Приговор пришлось ждать долго, почти 5 часов. Рюмин то терял терпение, то вдруг снова начинал на что-то надеяться: «Что же так долго суд составляет приговор, все равно моя судьба была предрешена до суда. Единственная надежда, если суд переквалифицирует состав преступления на ст. 193-17«а», то тогда меня освободят, а по ст. 58-7 обязательно расстреляют». Мелькнувшая мысль об освобождении тоже страшила. Ему уже не мыслился иной жизненный исход: «Если бы меня освободили, и то бы меня на свободе евреи на куски разорвали». Особенно Рюмина восхитили прозвучавшие на суде показания свидетеля Маклярского: «Если суд полностью поверит этим показаниям, то меня расстреляют». Бывший чекист (а к моменту ареста в 1951-м — сценарист) Маклярский рассказал, как он, будучи обвиненным в участии в «сионистском заговоре в МГБ», заявил на допросе, что он честный работник, преступления перед Родиной не совершал, проработал в органах более 20 лет, начав карьеру еще при Менжинском. На это Рюмин ему заявил, что «Дзержинский и Менжинский ничего из себя не представляли», что «они наводнили органы шпионами» и что «теперь приходится разбираться и освобождаться от них», что «история органов начинается с нас».

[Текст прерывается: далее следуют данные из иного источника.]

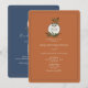 A mistura de terracota terrosa e azul-marinho criará uma atmosfera tão aconchegante e convidativa para o seu casamento de outono. O monograma de folhas rústicas adiciona um toque boho encantador, e o código QR é uma maneira genial de tornar as respostas contínuas. É a combinação perfeita de elegância minimalista e conveniência moderna.
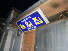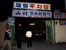 |  | 韓国の昔むかしからの歴史を学びながら馬山に着きました。先月に私の弟が馬山港へ仕事で来ていたので、写真を見せてもらったり話は聞いていましたが、想像していたよりうんと大きな賑やかな都会でした。 ホテルに案内をして頂く前に夕食を頂くことにしました。車を駐車場に入れて少し町を歩いて細い路地を入って、こんな看板の前に来ました。 |
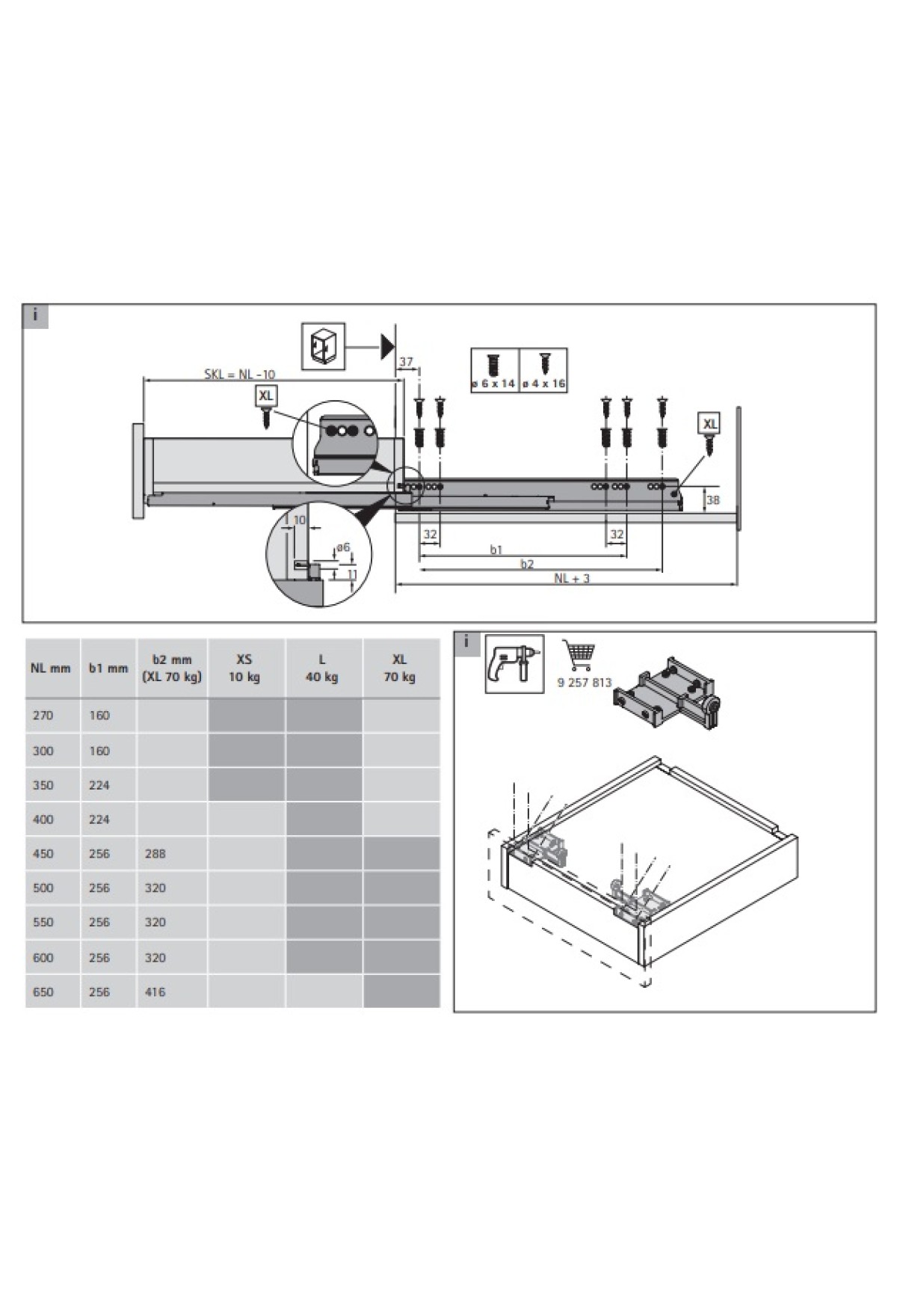 -Направляющие полного выдвижения для применения с системой выдвижных ящиков AvanTech YOU или с деревянными ящиками с фиксаторами
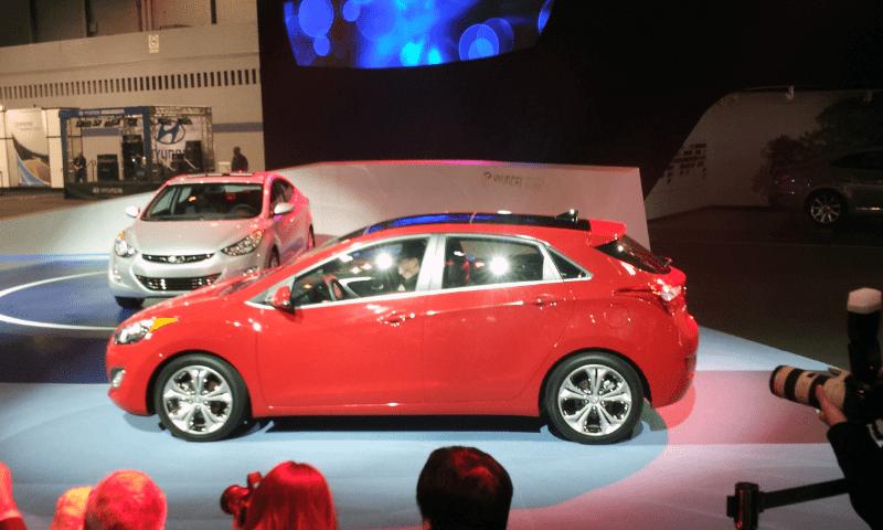 2013 Hyundai Elantra GT red side view with Coupe in background auto show
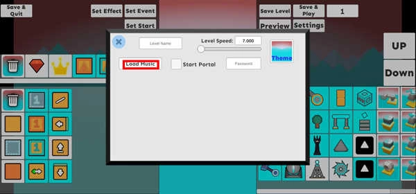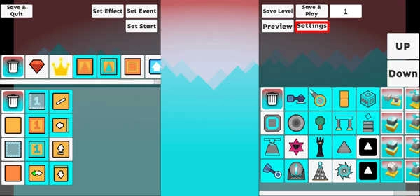 3、当你的关卡铺设完毕之后,点击右上角的settings,会弹出一个设置栏;
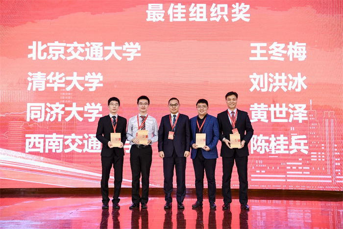 在頒獎(jiǎng)現(xiàn)場,中國土木工程學(xué)會理事長郭允沖、北京城建集團(tuán)董事長陳代華、北京交通大學(xué)副校長余祖俊、同濟(jì)大學(xué)副校長顧祥林、西南交通大學(xué)副校長何川、清華大學(xué)科研院副院長鄧甯分別發(fā)表致辭,對本屆大賽圓滿舉辦表示祝賀,並對所有參賽項(xiàng)目及團(tuán)隊(duì)給予了肯定和感謝。

Расстрельный приговор, вынесенный 7 июля 1954-го, Рюмин встретил спокойно. Тут же попросил лист бумаги и в зале суда написал прошение о помиловании в Президиум Верховного Совета СССР.

Имя Рюмина теснейшим образом связано с поздними сталинскими репрессиями, на первый взгляд необъяснимыми в своей параноидальной иррациональности. По его инициативе и при активной поддержке Сталина возникло «Дело врачей», дело о «сионистском заговоре» в МГБ и другие дела явно антисемитской направленности. Недолгое время Рюмин был не только выдвиженцем, но и фаворитом Сталина в системе МГБ. Чем он мог заслужить расточаемые вождем похвалы в свой адрес, волею каких обстоятельств? Строчки его биографии мало что объясняют.

 

В Москву — за фальсификацию

Михаил Дмитриевич Рюмин родился в сентябре 1913-го в селе Кабание Шадринского уезда Пермской губернии в семье крестьянина-середняка. Окончил восемь классов школы. С мая 1929-го работал счетоводом в сельхозартели в родном селе, затем бухгалтером райотдела связи. Обучался на бухгалтерских курсах, затем на курсах связи в Шадринске. С 1931-го бухгалтер в управлении связи в Свердловске, одновременно учился в комсомольском отделении комвуза. В сентябре 1935-го призван в армию, был рядовым в штабе Уральского ВО, затем там же — бухгалтером-экономистом. По окончании службы стал главным бухгалтером Свердловского облуправления связи. Летом 1937-го над Рюминым нависла угроза — его обвинили в неправильном расходовании денежных средств и в том, что он пользовался покровительством начальника облуправления связи, арестованного к тому времени как «враг народа».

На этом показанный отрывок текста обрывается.